Tuesday 24 June 2008

The Love Therapist


When I came to Americky I didn't quit my job as a life coach for the Ohhmm well being clinic I was promoted to the job of 'Life consultant' spreading my wisdom and knowledge to the uninformed savages known as Americans.
My position is that of a Missionary I suppose giving it to the Yanks whether they want it or not but they sure do need it.

Me and my mucker Buddy have purchased and motorised home with his disability pension and a few bars of my Nazi gold.
I've always wanted to be like a hero on TV who travels from town to town solving crimes and shagging weemen with his pet monkey sidekick flinging poo in the name of justice for the under dog and so I decide to buy a motorhome to do so.

Buddy to be honest isn't all there, too much LCD in Nam and he has flashbacks to training the Taliban in Afghanistan to fight the Russians, a lot of opium going around it seems.
Back then he was known as a drugged out socially inept moron who was good at manipulating others to get what he wanted.
Then all the buzz word excuses for being thick came out and he was retired from the 'company' for being Bi-Polar with Aspergers and ADHD, they even said he was autistic which is a load of shite as the only thing he can draw is his pension.

My chum Buddy may not be the tastiest dog at the pound but once you get past all the paranoid accusations and make sure he takes his meds hes a decent enough fella.

He surprised me by getting a graphic put on the front of the RV the only thing is that hes a perfect example of the American education system, no offense to you idiot Yanks but when someone thinks that the Gettysburg address was where Lincoln lived and that the underground railway that smuggled slaves to the north actually had trains well he make me look intelligent, that's why I like Americky, I'm a hawk among crows.
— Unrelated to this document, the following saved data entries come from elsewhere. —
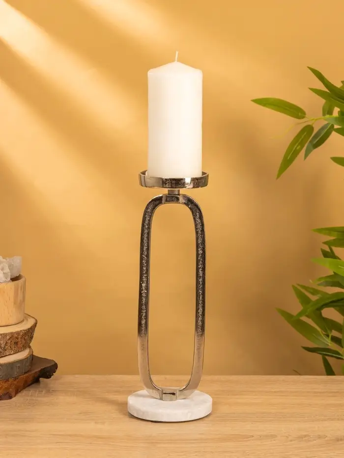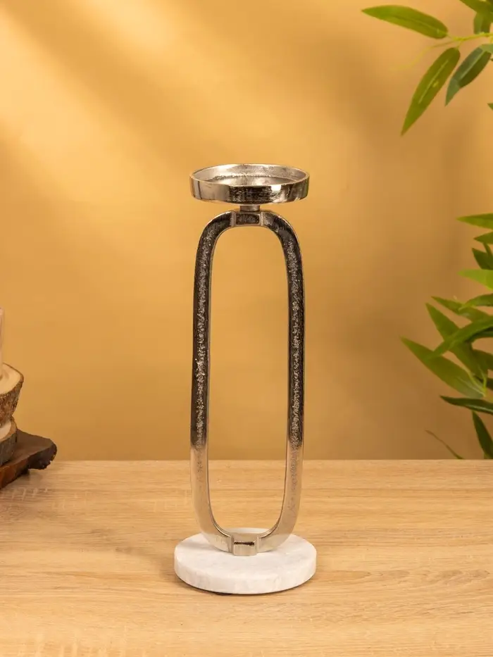 Подсвечник "Эллипс" 10х10х30 см, d 7,5 см, алюминий, мрамор
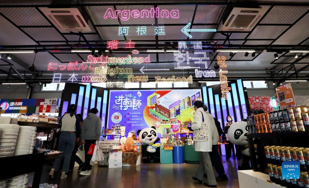 People visit the "CIIE Fair" on the Nanjing Road pedestrian walkway in Shanghai, east China, Nov. 8, 2021. The 4th China International Import Expo (CIIE) is held in Shanghai from Nov. 5 to Nov. 10. (Xinhua/Fang Zhe)
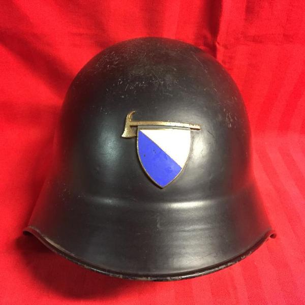Elmo in ferro dipinto nero, modello tedesco, con stemma con scudo in smalto bianco e celeste e ascia in ottone, probabile cantone svizzero Zurigo ("trinciato di argento e di azzurro"), fori aerazione, marocchino in cuoio con lacci, sottogola in cuoio.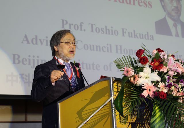 本届大会主席的名誉主席福田敏男教授发表讲话。他对各支持单位和与会人员对大会的支持表示感谢,并鼓励参会的青年学者利用大会契机,积极交流思想和拓展国际视野,为开创机电一体化与自动化技术的新成果奠定基础。会上,柴天佑教授、小管一弘教授、Ken Goldberg教授,杨庆新等教授先后致辞,预祝会议圆满成功,并对与会人员的到来表示欢迎。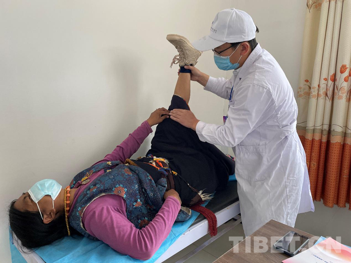 圖為石少輝大夫現(xiàn)場檢查患者癥狀(組委會(huì)供圖)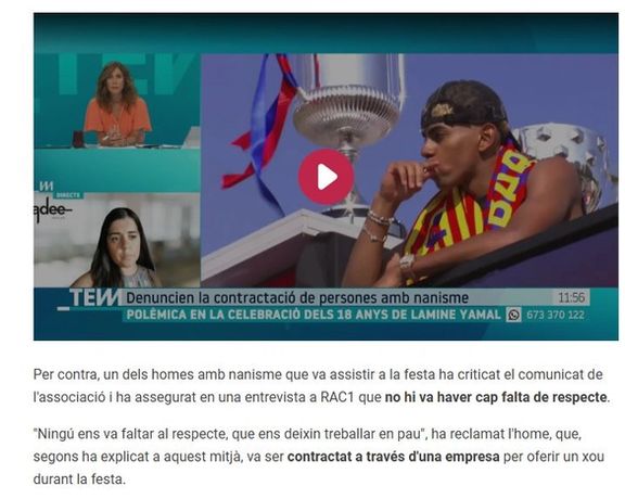 جشن تولد ١٨سالگی لامین یامال، بازیکن بارسلونا با واکنشهای متفاوتی روبهرو شده. حضور افراد کوتاهقامت در این مراسم که برای سرگرمی مهمانان دعوت شده بودند، باعث ایجاد جنجال در رسانههای اسپانیا شده است. یکی از کوتاهقامتان این جشن گفته، ما مهمان بودیم، رفتار او با ما محترمانه بود.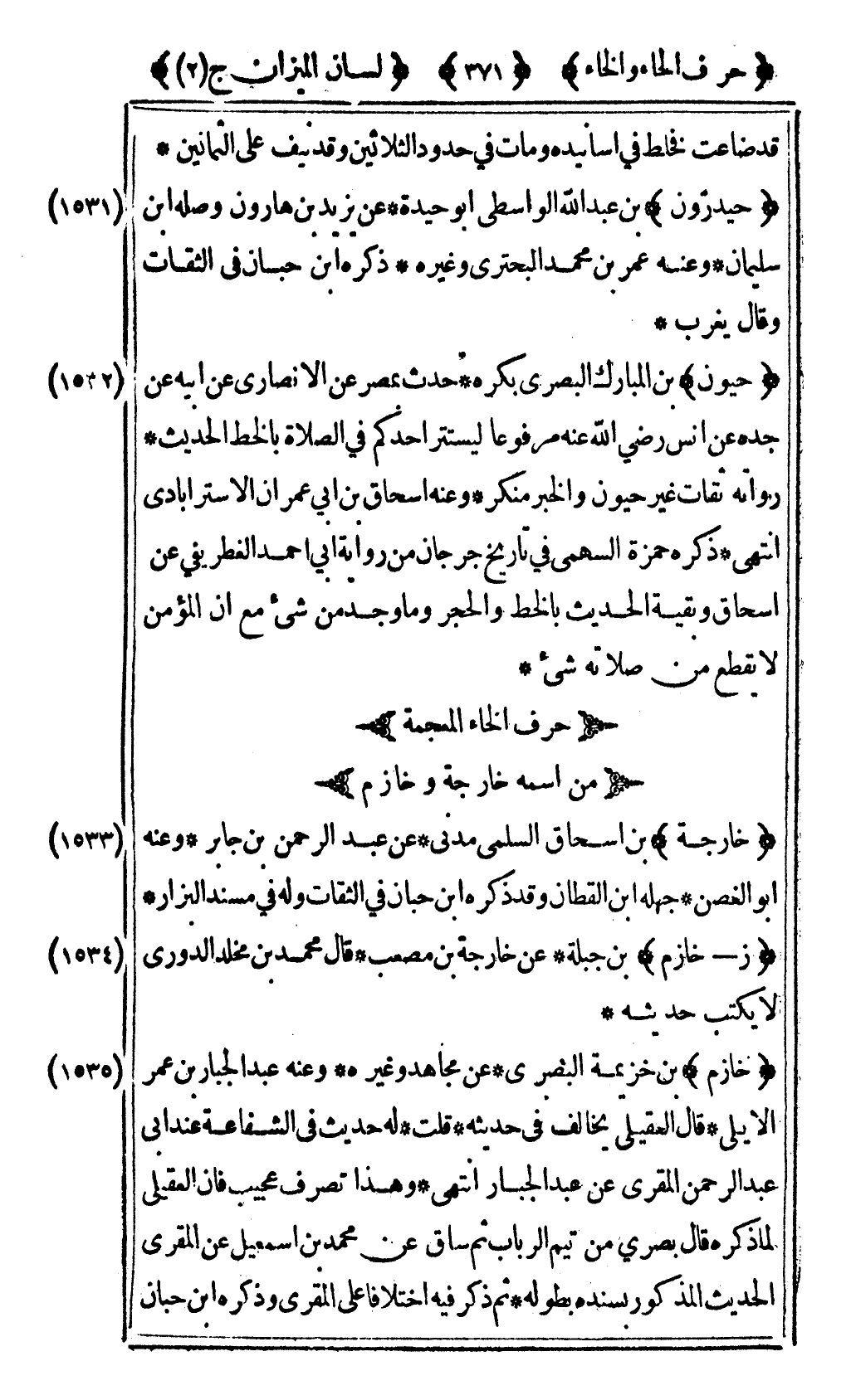 [1531] "حيدرون" بن عبد الله الواسطي أبو حيدة عن يزيد بن هارون وصله ابن سليمان وعنه عمر بن محمد البحتري وغيره ذكره ابن حبان في الثقات وقال يغرب.

I have to figure out how to change the graphic without hurting his feelings maybe I'll go for the "you mong approach" how can I get any action from vulnerable weemen with that on the front?
I may have to rethink the bumper sticker I have in mind, as my bed would be over the cab I was going to have a sticker that says " if the roof is a thumping Old Knudsen is a humping" classy huh?


5 comments:

The Mistress said...

Motorised?

You're going to have to change that "s" to a "z" if you want to join the melting pot.

FirstNations said...

I KNEW IT, I KNEW IT, I KNEW IT.

You Altzheimeric rapscallion. you pulled the scallion out of your rapper and stubbed up to the scat, homes.

Westside.

Represent.

Jenny said...

I don't know, Scott Peterson gets love letters in prison while serving time for killing his wife... so you may get lucky with that sign. Or not.

I thought Lincoln was buried in Grant's Tomb.

Anonymous said...

You are a motörhead? Greetings to Lammy, had no sleep 'til Hammersmith too.

angela said...

C'mon boss, don't sugar coat it, just tell it like it is ...

"If the van is a rockin
old Knudzen haz hiz cock in."

Now thats classy. And socially acceptable too!